▶ Available records

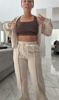 Designed for ultimate comfort with a polished, elevated finish, this fleece-lined two-piece set blends softness, warmth, and structure in the most flattering way. The fabric features a smooth, plush interior that keeps you cozy without feeling bulky, while the stitched seam detailing creates a clean, tailored look that instantly upgrades your everyday style.
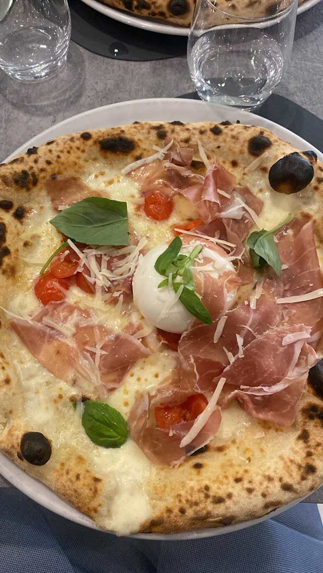 - (Base fior di latte, pomodorino ciliegino, in uscita rucola, prosciutto crudo, burrata pugliese da 125gr, scaglie di grana e olio evo)
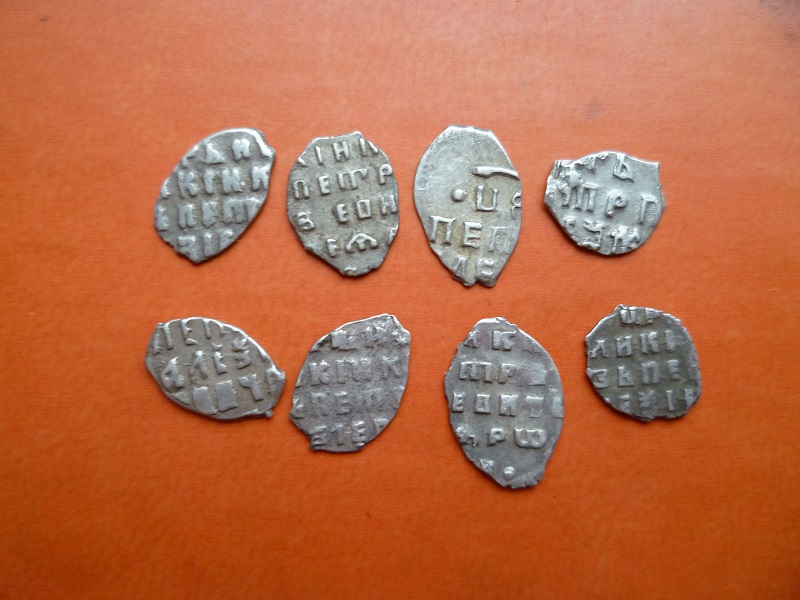 QUOTE(Velimir @ Jan 16 2022, 13:36) Здравствуйте! Прошу помощи в определении по КГ. Заранее благодарю! Датированные копеечки Петра I Алексеевича, выбитые в период его единоличного правления. 1. КГ 1631(9-12), выбита в 1700 году на Старом денежном дворе, рядовая. 2. КГ 1630(9-11), выбита в 1700 году на Старом денежном дворе, рядовая. 3. КГ 2063(42-96), выбита в 1707 году на Кадашевском денежном дворе, рядовая. 4. КГ 2021(34-83), выбита в 1704 году на Кадашевском денежном дворе, рядовая. 5. КГ 2038(37-71), выбита в 1705 году на Кадашевском денежном дворе, рядовая. 6. КГ 1651(15-14), выбита в 1701 году на Старом денежном дворе, редкость VIII. 7. КГ 1674(20-15), выбита в 1701 году на Старом денежном дворе, рядовая. 8. КГ 1681(22-26), выбита на Старом денежном дворе c литерой «M», рядовая. -------------------- Знаешь - говори, хочешь узнать - слушай
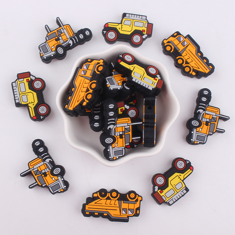 Productos creativos para bebés DIY dibujos animados de silicona coches juguetes de goma de diente para bebés molares cadena de tetas accesorios de goma de diente
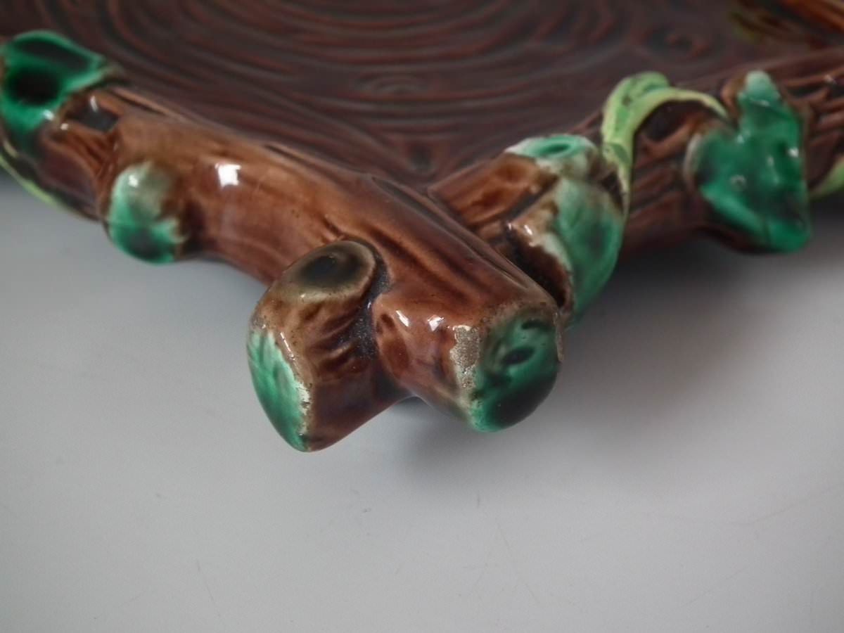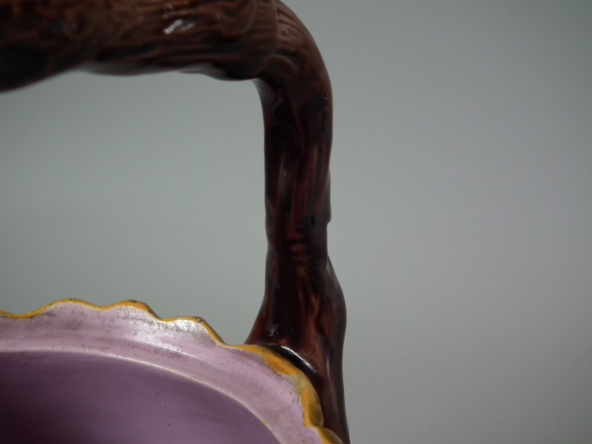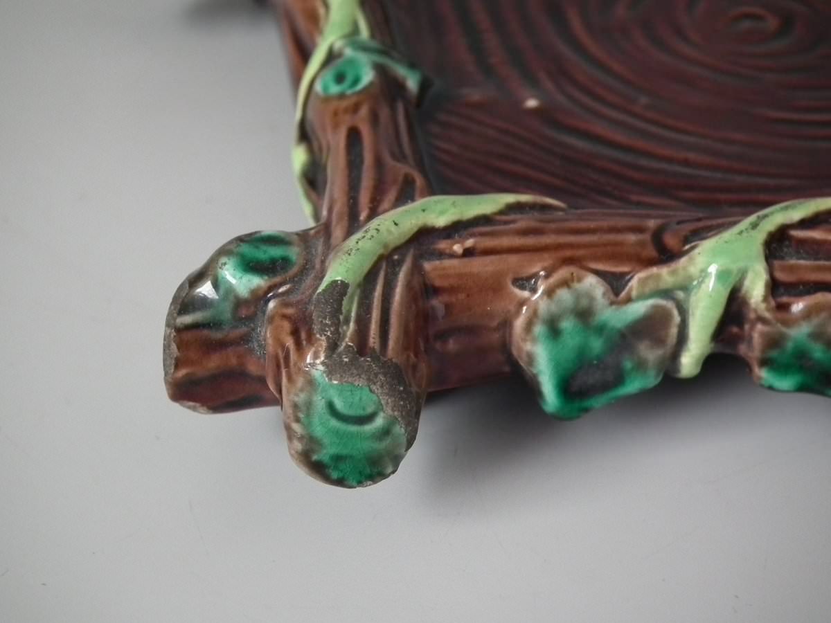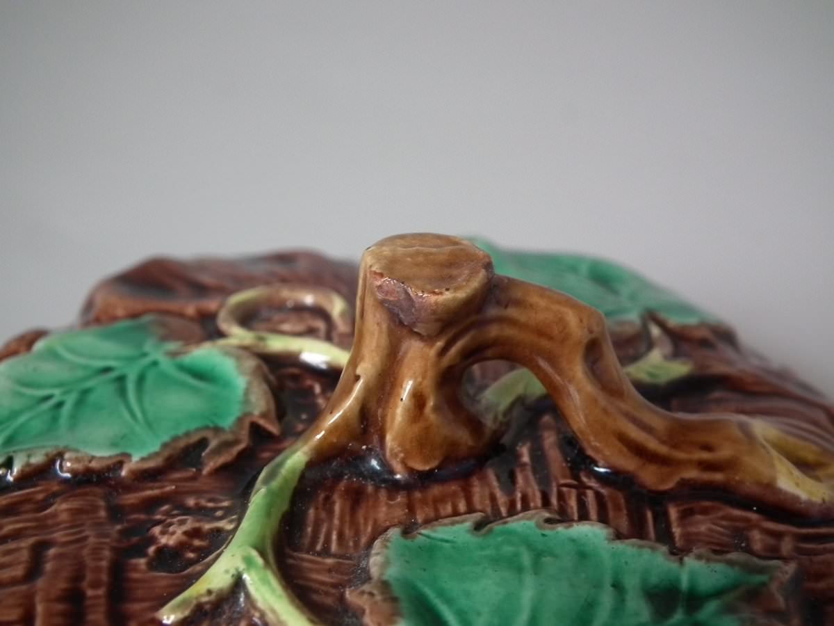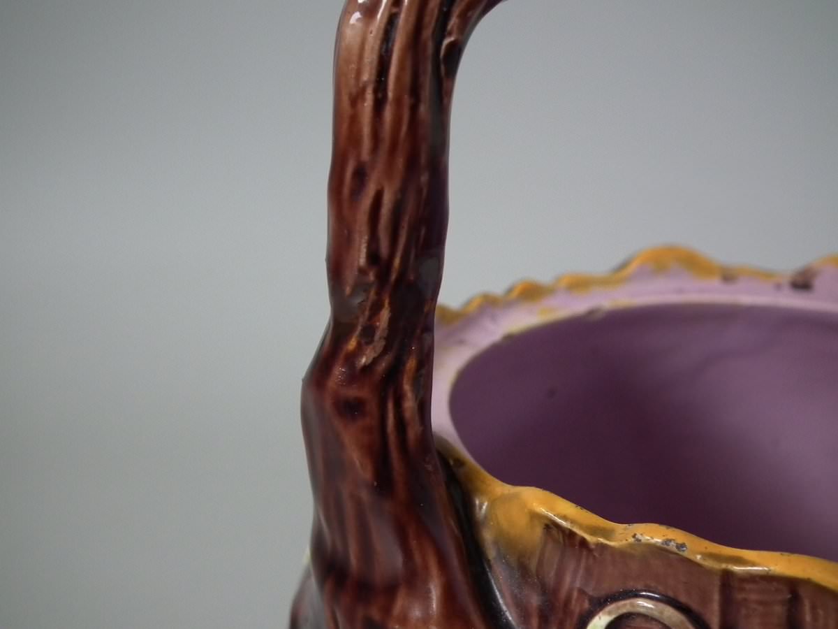 Victorian, circa 1880. 8.7ins high, 8.7ins wide, 7.5ins depth. George Jones Majolica tea kettle on stand which features tree bark and ivy.

▶ Activity
Print, with pictures removed, exactly the lines of the records above from the top through the line containing "- (Base fior".

▶ Expected answer
 Designed for ultimate comfort with a polished, elevated finish, this fleece-lined two-piece set blends softness, warmth, and structure in the most flattering way. The fabric features a smooth, plush interior that keeps you cozy without feeling bulky, while the stitched seam detailing creates a clean, tailored look that instantly upgrades your everyday style.
 - (Base fior di latte, pomodorino ciliegino, in uscita rucola, prosciutto crudo, burrata pugliese da 125gr, scaglie di grana e olio evo)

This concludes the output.